[Dataset items]

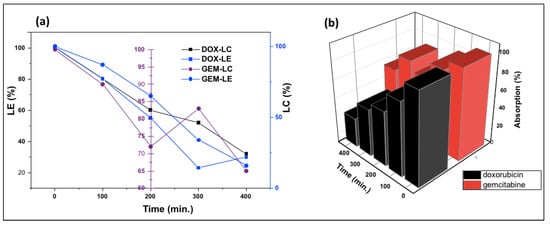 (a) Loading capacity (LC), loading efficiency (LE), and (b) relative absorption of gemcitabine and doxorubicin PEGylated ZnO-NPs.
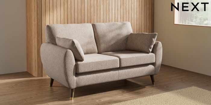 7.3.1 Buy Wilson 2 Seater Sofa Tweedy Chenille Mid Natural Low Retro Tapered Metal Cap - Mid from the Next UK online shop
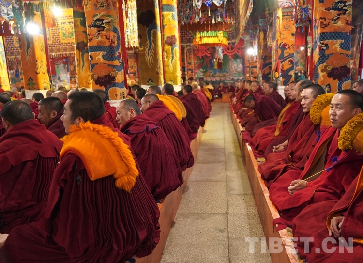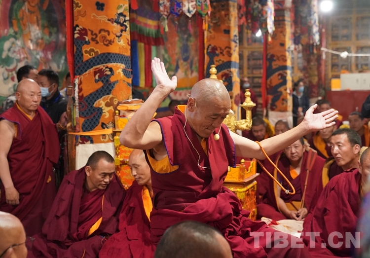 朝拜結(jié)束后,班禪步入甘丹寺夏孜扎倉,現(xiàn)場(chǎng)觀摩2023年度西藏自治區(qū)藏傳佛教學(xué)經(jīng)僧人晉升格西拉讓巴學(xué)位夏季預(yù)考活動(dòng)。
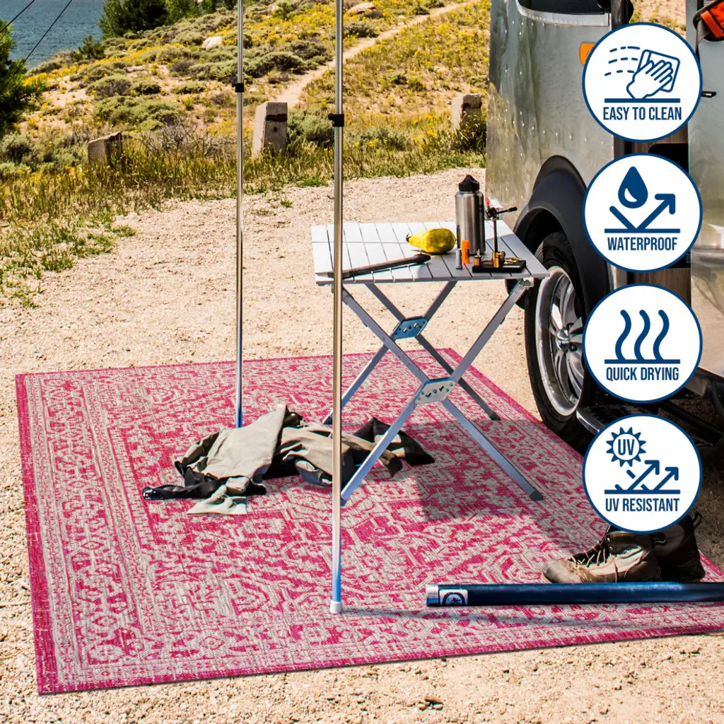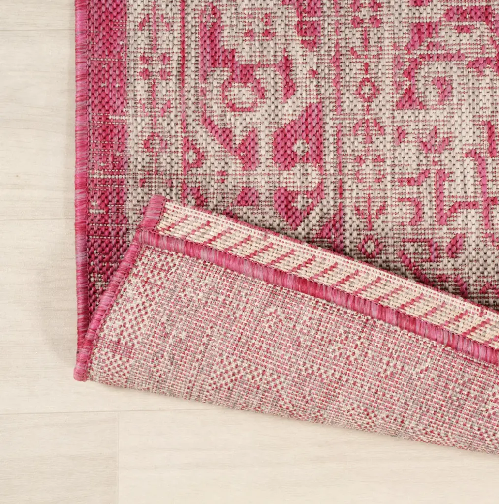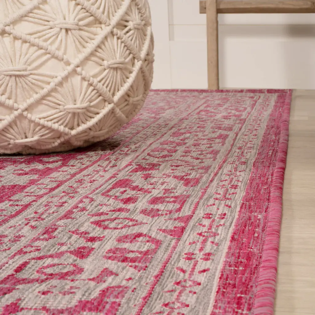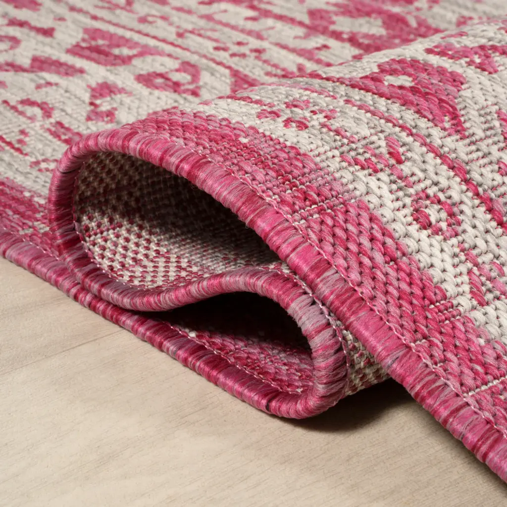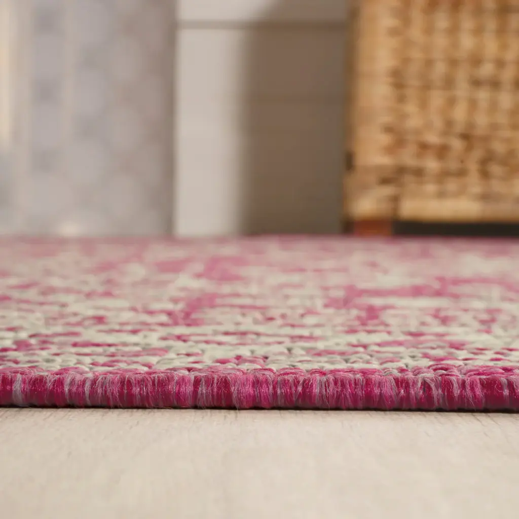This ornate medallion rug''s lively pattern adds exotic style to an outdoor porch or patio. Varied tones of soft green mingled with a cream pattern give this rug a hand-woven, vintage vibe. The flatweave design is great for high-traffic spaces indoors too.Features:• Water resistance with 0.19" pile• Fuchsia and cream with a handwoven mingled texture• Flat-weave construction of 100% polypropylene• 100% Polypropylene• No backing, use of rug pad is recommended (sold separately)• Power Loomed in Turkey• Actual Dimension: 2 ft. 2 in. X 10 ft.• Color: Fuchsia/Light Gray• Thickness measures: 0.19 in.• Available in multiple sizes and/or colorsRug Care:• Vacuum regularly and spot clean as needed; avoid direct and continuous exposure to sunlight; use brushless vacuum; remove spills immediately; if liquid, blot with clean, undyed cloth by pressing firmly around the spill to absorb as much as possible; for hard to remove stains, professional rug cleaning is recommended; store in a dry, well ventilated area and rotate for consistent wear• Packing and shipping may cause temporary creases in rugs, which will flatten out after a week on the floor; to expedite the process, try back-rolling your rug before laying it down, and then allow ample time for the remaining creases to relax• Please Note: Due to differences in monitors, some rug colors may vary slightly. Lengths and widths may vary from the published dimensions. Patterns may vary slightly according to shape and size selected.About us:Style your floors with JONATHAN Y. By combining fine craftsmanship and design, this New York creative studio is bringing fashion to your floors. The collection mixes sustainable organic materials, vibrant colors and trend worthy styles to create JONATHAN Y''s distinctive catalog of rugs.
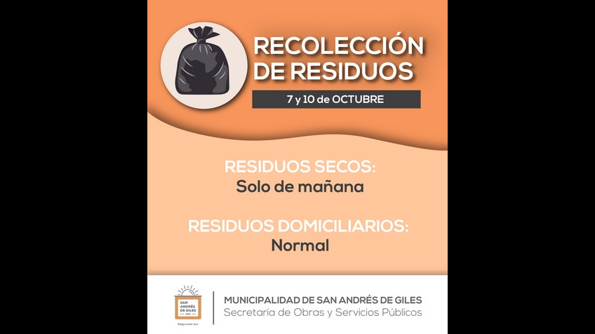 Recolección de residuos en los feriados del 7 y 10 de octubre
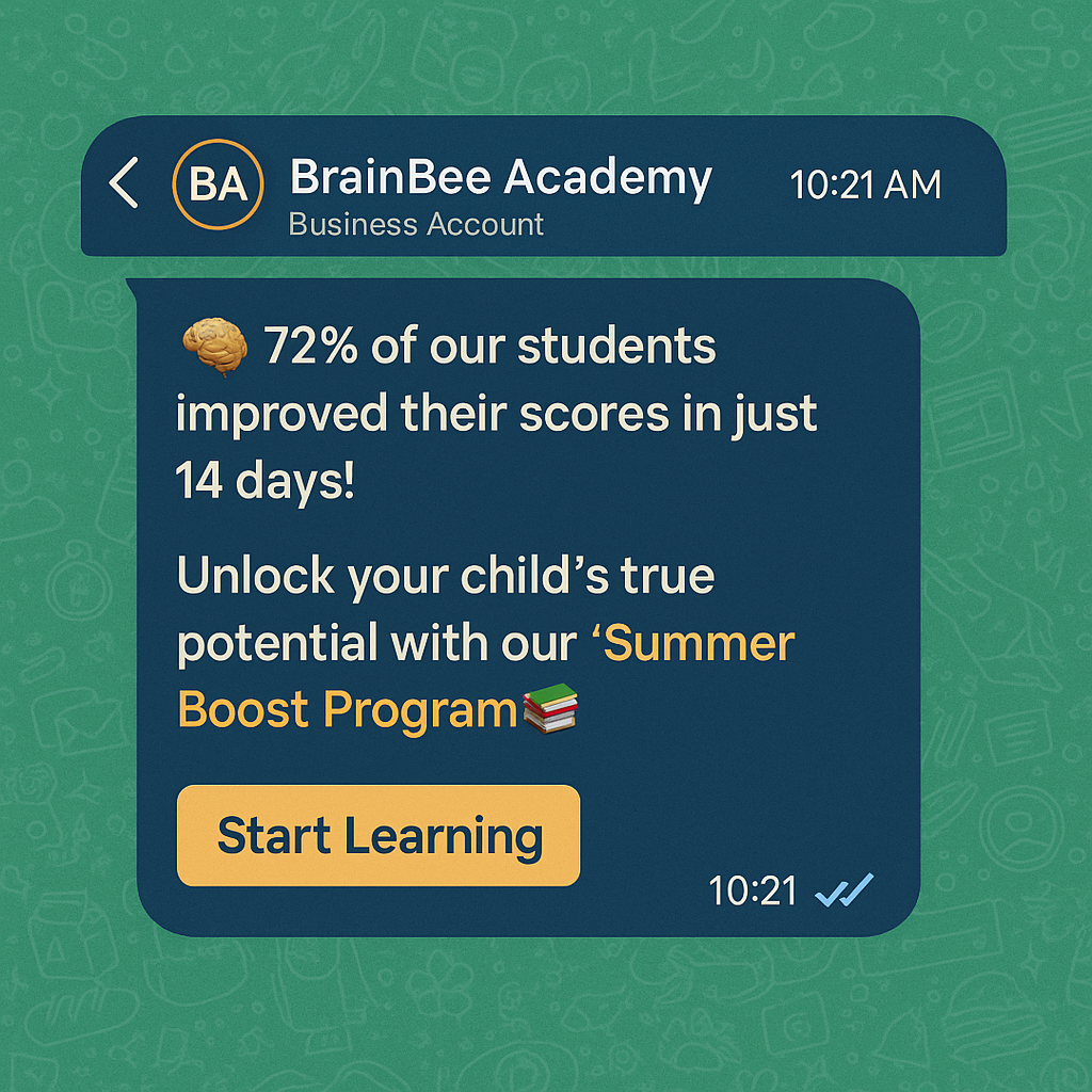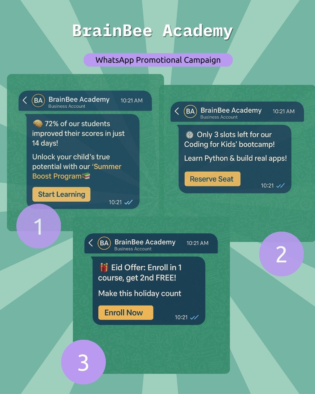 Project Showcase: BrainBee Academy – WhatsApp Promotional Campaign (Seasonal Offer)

What the task asks: Please extract exactly the lines of the data, from the first through the line containing "This ornate medallion", and add no pictures to the copy.

Response to this exercise:
 (a) Loading capacity (LC), loading efficiency (LE), and (b) relative absorption of gemcitabine and doxorubicin PEGylated ZnO-NPs.
 7.3.1 Buy Wilson 2 Seater Sofa Tweedy Chenille Mid Natural Low Retro Tapered Metal Cap - Mid from the Next UK online shop
 朝拜結(jié)束后,班禪步入甘丹寺夏孜扎倉,現(xiàn)場(chǎng)觀摩2023年度西藏自治區(qū)藏傳佛教學(xué)經(jīng)僧人晉升格西拉讓巴學(xué)位夏季預(yù)考活動(dòng)。
This ornate medallion rug''s lively pattern adds exotic style to an outdoor porch or patio. Varied tones of soft green mingled with a cream pattern give this rug a hand-woven, vintage vibe. The flatweave design is great for high-traffic spaces indoors too.Features:• Water resistance with 0.19" pile• Fuchsia and cream with a handwoven mingled texture• Flat-weave construction of 100% polypropylene• 100% Polypropylene• No backing, use of rug pad is recommended (sold separately)• Power Loomed in Turkey• Actual Dimension: 2 ft. 2 in. X 10 ft.• Color: Fuchsia/Light Gray• Thickness measures: 0.19 in.• Available in multiple sizes and/or colorsRug Care:• Vacuum regularly and spot clean as needed; avoid direct and continuous exposure to sunlight; use brushless vacuum; remove spills immediately; if liquid, blot with clean, undyed cloth by pressing firmly around the spill to absorb as much as possible; for hard to remove stains, professional rug cleaning is recommended; store in a dry, well ventilated area and rotate for consistent wear• Packing and shipping may cause temporary creases in rugs, which will flatten out after a week on the floor; to expedite the process, try back-rolling your rug before laying it down, and then allow ample time for the remaining creases to relax• Please Note: Due to differences in monitors, some rug colors may vary slightly. Lengths and widths may vary from the published dimensions. Patterns may vary slightly according to shape and size selected.About us:Style your floors with JONATHAN Y. By combining fine craftsmanship and design, this New York creative studio is bringing fashion to your floors. The collection mixes sustainable organic materials, vibrant colors and trend worthy styles to create JONATHAN Y''s distinctive catalog of rugs.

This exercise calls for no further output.